We are entering the third phase of generative AI. First came the chatbots, followed by the assistants. Now we are beginning to see agents: systems that aspire to greater autonomy and can work in “teams” or use tools to accomplish complex tasks.
The latest hot product is OpenAI’s ChatGPT agent. This combines two pre-existing products (Operator and Deep Research) into a single more powerful system which, according to the developer, “thinks and acts”.
These new systems represent a step up from earlier AI tools. Knowing how they work and what they can do – as well as their drawbacks and risks – is rapidly becoming essential.
From chatbots to agents
ChatGPT launched the chatbot era in November 2022, but despite its huge popularity the conversational interface limited what could be done with the technology.
Enter the AI assistant, or copilot. These are systems built on top of the same large language models that power generative AI chatbots, only now designed to carry out tasks with human instruction and supervision.
Agents are another step up. They are intended to pursue goals (rather than just complete tasks) with varying degrees of autonomy, supported by more advanced capabilities such as reasoning and memory.
Multiple AI agent systems may be able to work together, communicating with each other to plan, schedule, decide and coordinate to solve complex problems.
Agents are also “tool users” as they can also call on software tools for specialised tasks – things such as web browsers, spreadsheets, payment systems and more.
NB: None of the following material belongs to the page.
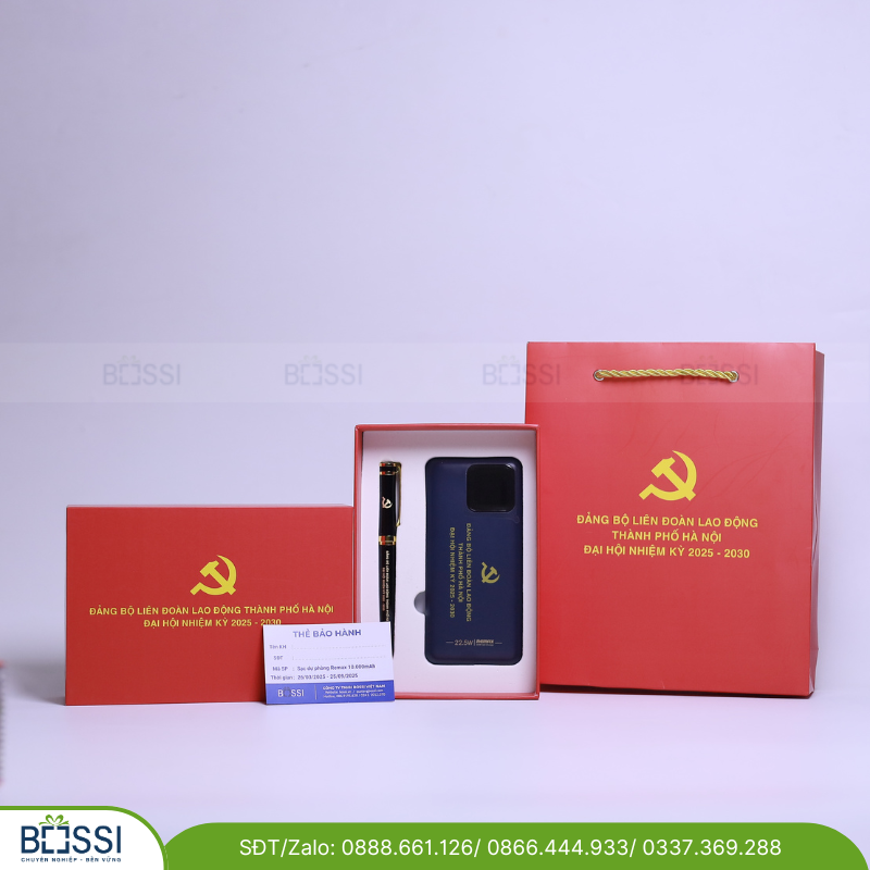 • Sạc dự phòng: Đặc biệt hữu ích trong thời đại công nghệ, giúp đại biểu luôn giữ kết nối và không lo hết pin điện thoại trong những ngày diễn ra đại hội.

A year of rapid development
Agentic AI has felt imminent since late last year. A big moment came last October, when Anthropic gave its Claude chatbot the ability to interact with a computer in much the same way a human does. This system could search multiple data sources, find relevant information and submit online forms.
Other AI developers were quick to follow. OpenAI released a web browsing agent named Operator, Microsoft announced Copilot agents, and we saw the launch of Google’s Vertex AI and Meta’s Llama agents.
Earlier this year, the Chinese startup Monica demonstrated its Manus AI agent buying real estate and converting lecture recordings into summary notes. Another Chinese startup, Genspark, released a search engine agent that returns a single-page overview (similar to what Google does now) with embedded links to online tasks such as finding the best shopping deals. Another startup, Cluely, offers a somewhat unhinged “cheat at anything” agent that has gained attention but is yet to deliver meaningful results.
Not all agents are made for general-purpose activity. Some are specialised for particular areas.
Coding and software engineering are at the vanguard here, with Microsoft’s Copilot coding agent and OpenAI’s Codex among the frontrunners. These agents can independently write, evaluate and commit code, while also assessing human-written code for errors and performance lags.
Search, summarisation and more
One core strength of generative AI models is search and summarisation. Agents can use this to carry out research tasks that might take a human expert days to complete.
OpenAI’s Deep Research tackles complex tasks using multi-step online research. Google’s AI “co-scientist” is a more sophisticated multi-agent system that aims to help scientists generate new ideas and research proposals.